Kusto, also known as Azure Data Explorer or ADX, is best known for its ability to query and analyze logs. The essence is that it allows you to capture, retain and analyze lots of data.
This is great, but how do you get data out of Kusto again? There are many reasons you may want to remove data, including…
- Performance
- Cost
- Cleaning up bad data you ingested
- Complying with privacy laws such as GDPR
In Kusto, you can set up a retention policy, delete or purge rows from a table, drop entire tables and more exotic options such as dropping and replacing extents.
This can be a bit bewildering, until you understand how Kusto handles data removal internally.

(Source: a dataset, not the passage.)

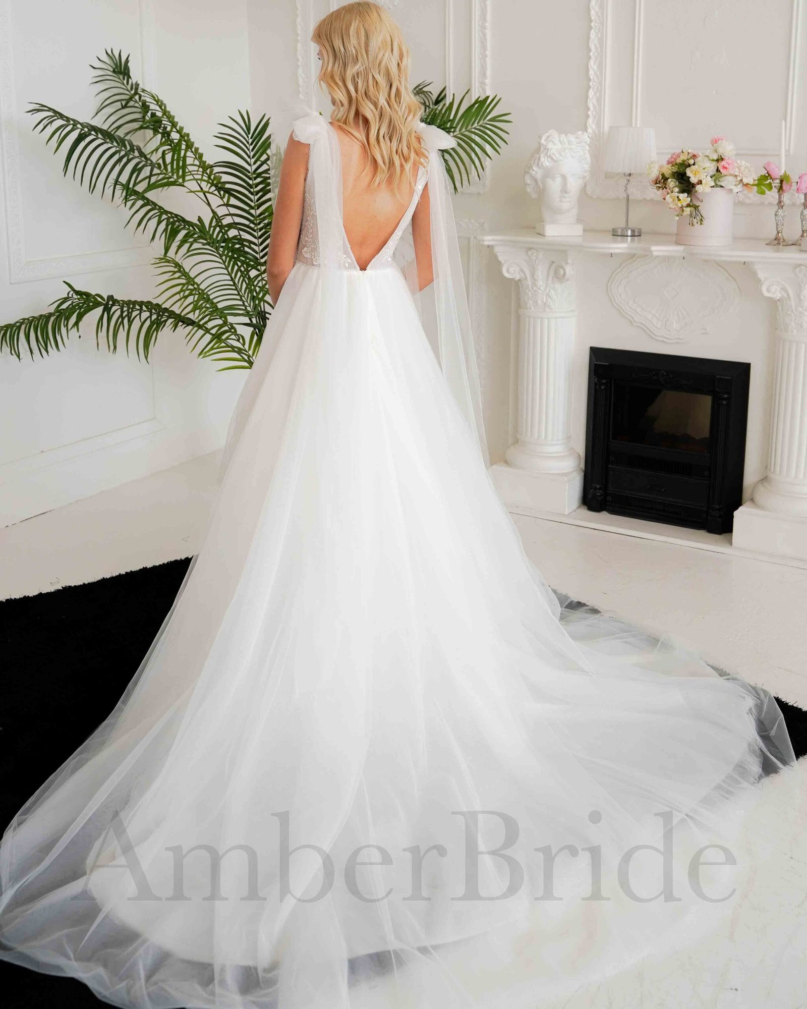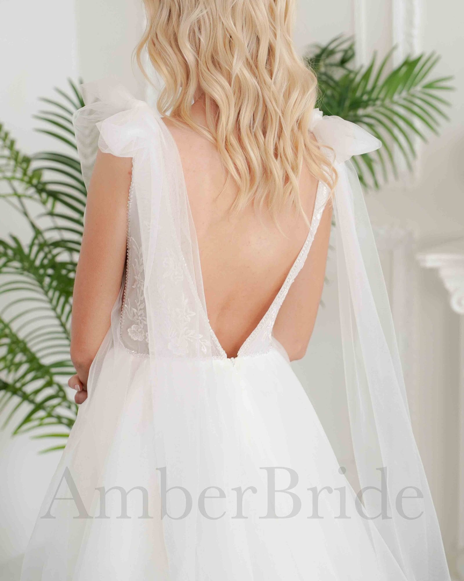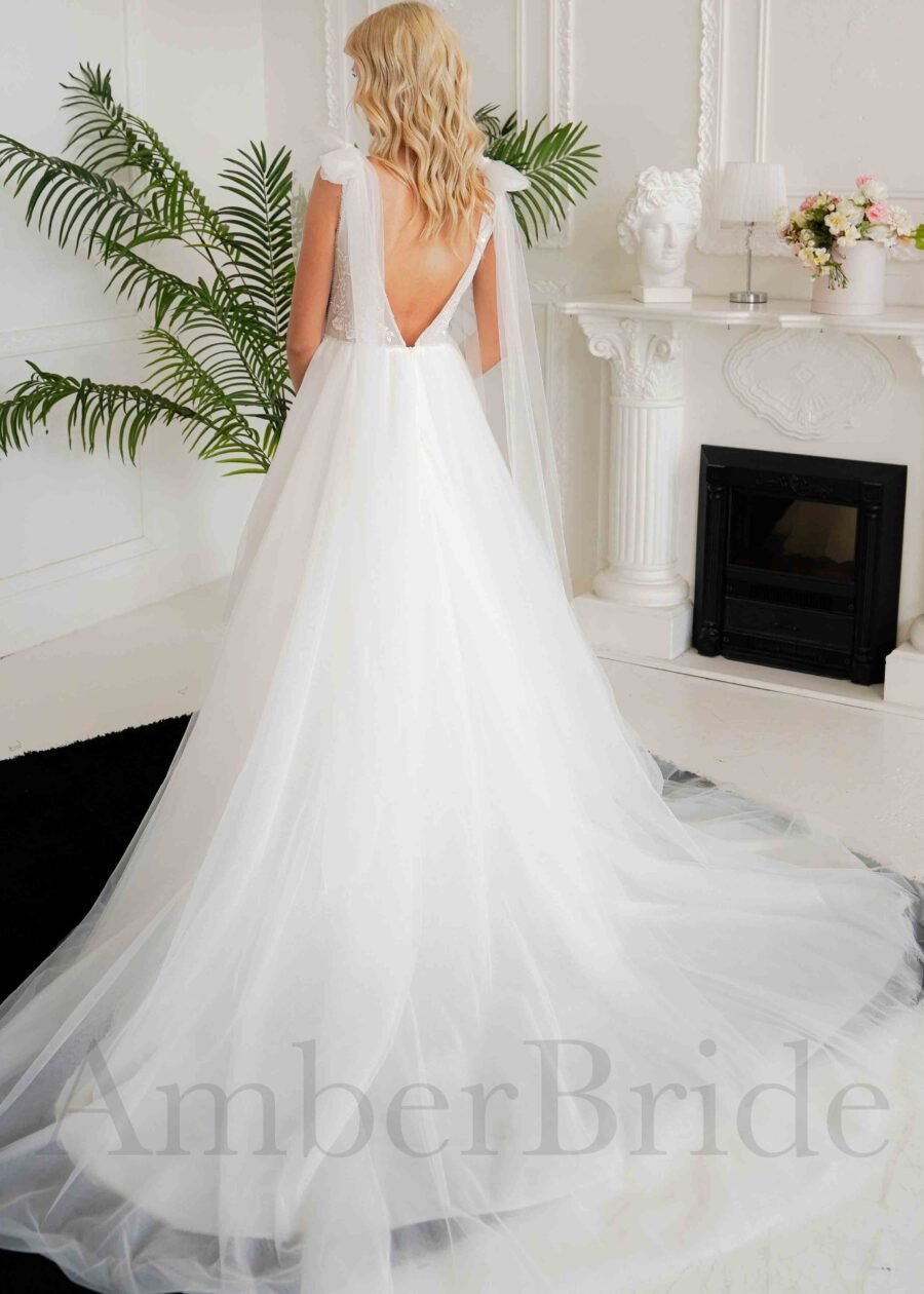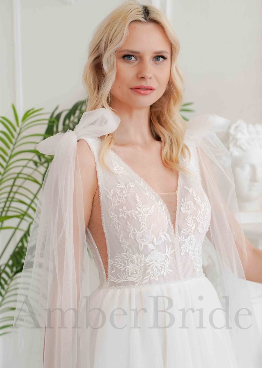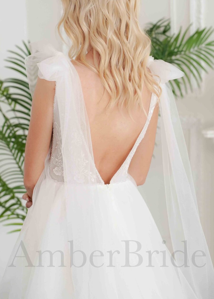 Bohemiška vestuvinė suknelė su tulio sijonu ir kutais

I’ll first discuss how data removal works in Kusto internally, and then cover all the removal methods and their trade-offs.
How Kusto removes data
Kusto is optimized for ingesting and querying vast amounts of data very rapidly. The way it can accomplish that is at odds with something that is very easy in other types of databases, namely the ability to update and delete data. In fact, Kusto doesn’t even have a way to update data, unless by removing it adding it back again.

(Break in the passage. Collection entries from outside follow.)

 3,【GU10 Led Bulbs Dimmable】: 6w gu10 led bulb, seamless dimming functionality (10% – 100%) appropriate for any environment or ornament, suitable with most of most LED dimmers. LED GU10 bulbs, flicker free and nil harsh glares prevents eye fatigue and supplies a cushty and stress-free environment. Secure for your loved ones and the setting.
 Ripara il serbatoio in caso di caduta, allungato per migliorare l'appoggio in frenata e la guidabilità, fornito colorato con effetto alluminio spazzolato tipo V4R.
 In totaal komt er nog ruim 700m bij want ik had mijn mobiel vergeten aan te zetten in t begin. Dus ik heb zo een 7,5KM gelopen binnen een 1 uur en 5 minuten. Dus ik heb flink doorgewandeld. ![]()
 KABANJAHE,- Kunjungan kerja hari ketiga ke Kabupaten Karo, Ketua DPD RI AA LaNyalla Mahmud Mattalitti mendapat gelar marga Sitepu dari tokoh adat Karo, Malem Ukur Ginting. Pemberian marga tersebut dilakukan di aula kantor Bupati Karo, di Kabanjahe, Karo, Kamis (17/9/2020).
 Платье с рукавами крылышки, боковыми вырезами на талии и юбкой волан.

Key to understanding why this is, is the concept of extents. Each table is under divided into extents, each of which has a subset of the data. Those extents are managed by multiple computers (nodes) in the data center, allowing Kusto to efficiently distribute the load and achieve a high level of performance.

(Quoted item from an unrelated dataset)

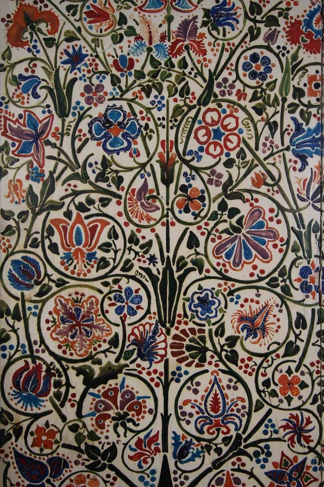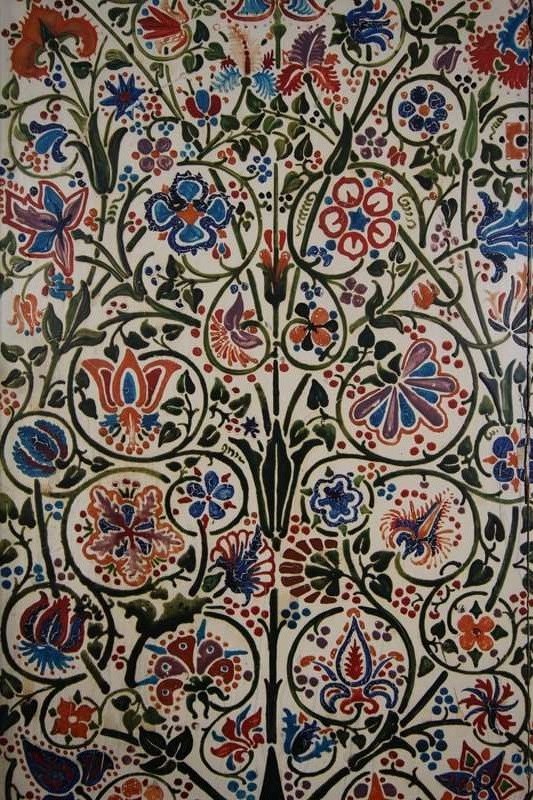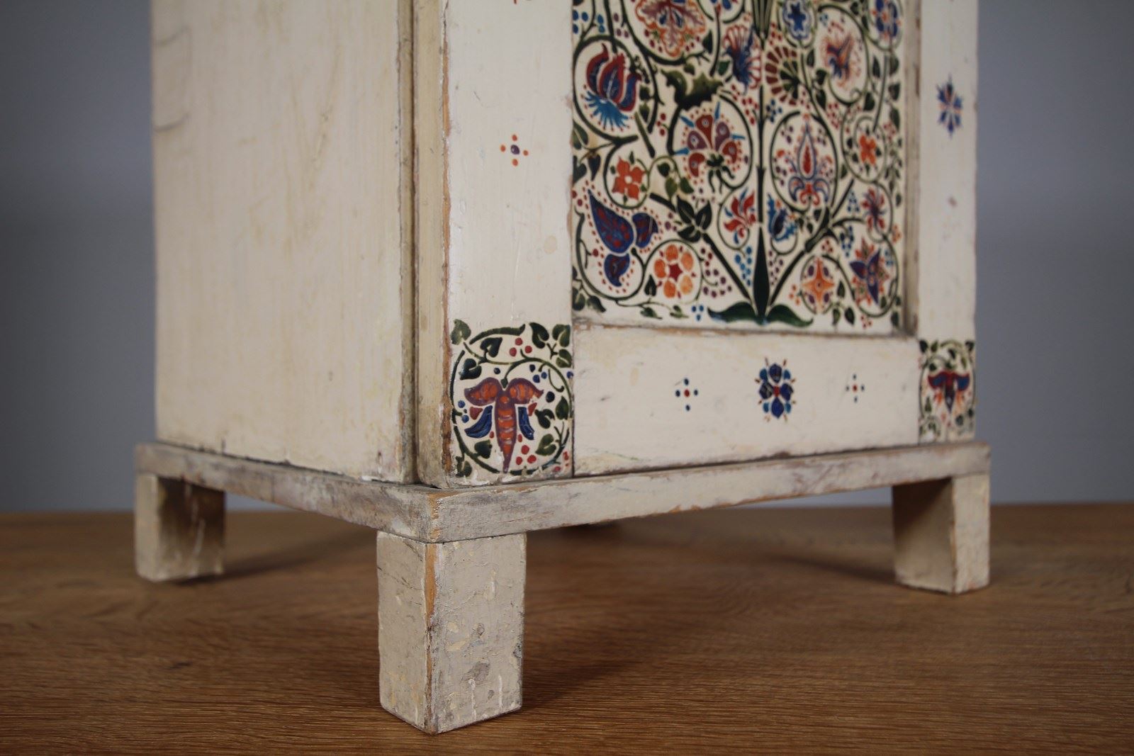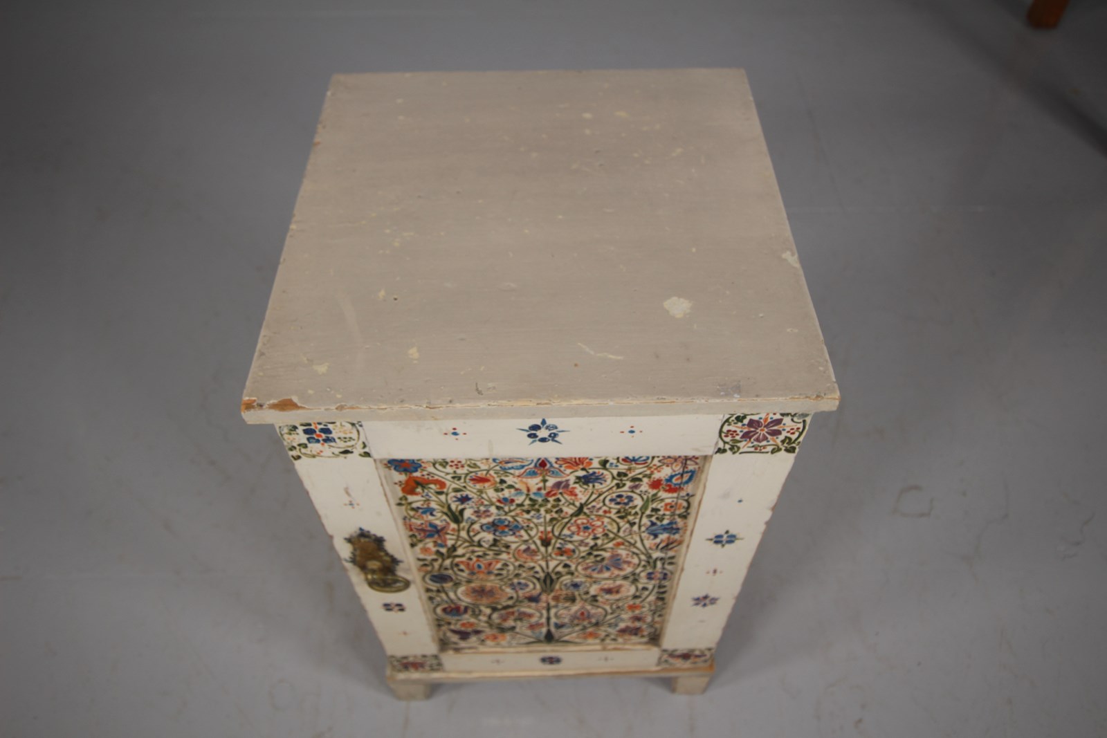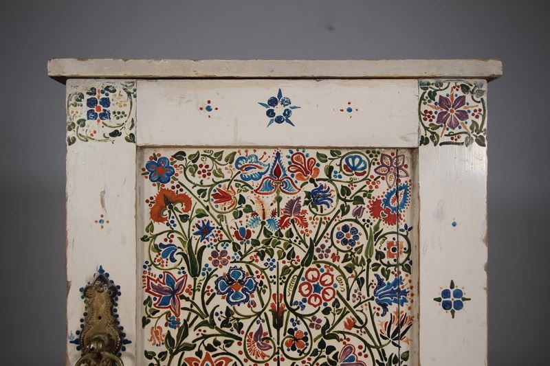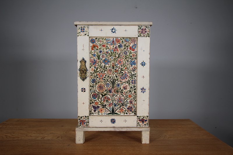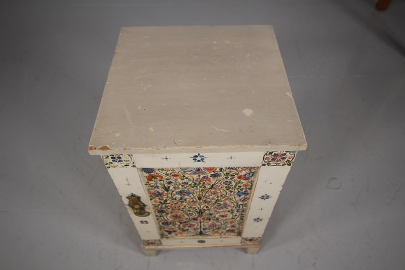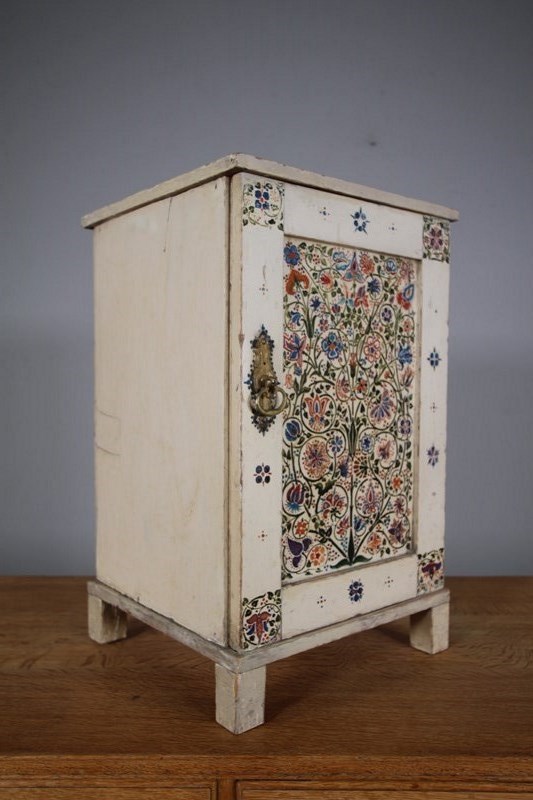 A beautiful late 19th century English Arts & crafts antique bedside cabinet that is in the original painted finish and decorated with original wonderful hand painted floral motif to the central panel and surround. In very good original condition, has a single decorated and panelled door with the lovely original brass ware handle and this antique bedside cabinet stands on square feet. English and dating to around 1875-85.

It’s important to understand that those extents are immutable. After an extent has been created while ingesting data, with will never be updated again.
This means that data is eventually removed at the extent level. The extent contains many rows of data, and all of them eventually get removed together. There are two commands in Kusto which seem to contradict this, .delete and .purge, but we’ll discuss those later.
Extents don’t get removed in one step though. They first get dropped, which means that they are not visible anymore. They still exist though, and sometimes you can get them back if needed.
Dropped extents can hang around for a while, even if you don’t see them.
Eventually dropped extents are erased. Think of this as garbage collection. You have some control over that process though, as you will see later.
With all of this in mind, let’s look at the various commands. We’ll start with the most common ones, and then the more advanced ones, until we end with the most exotic ones.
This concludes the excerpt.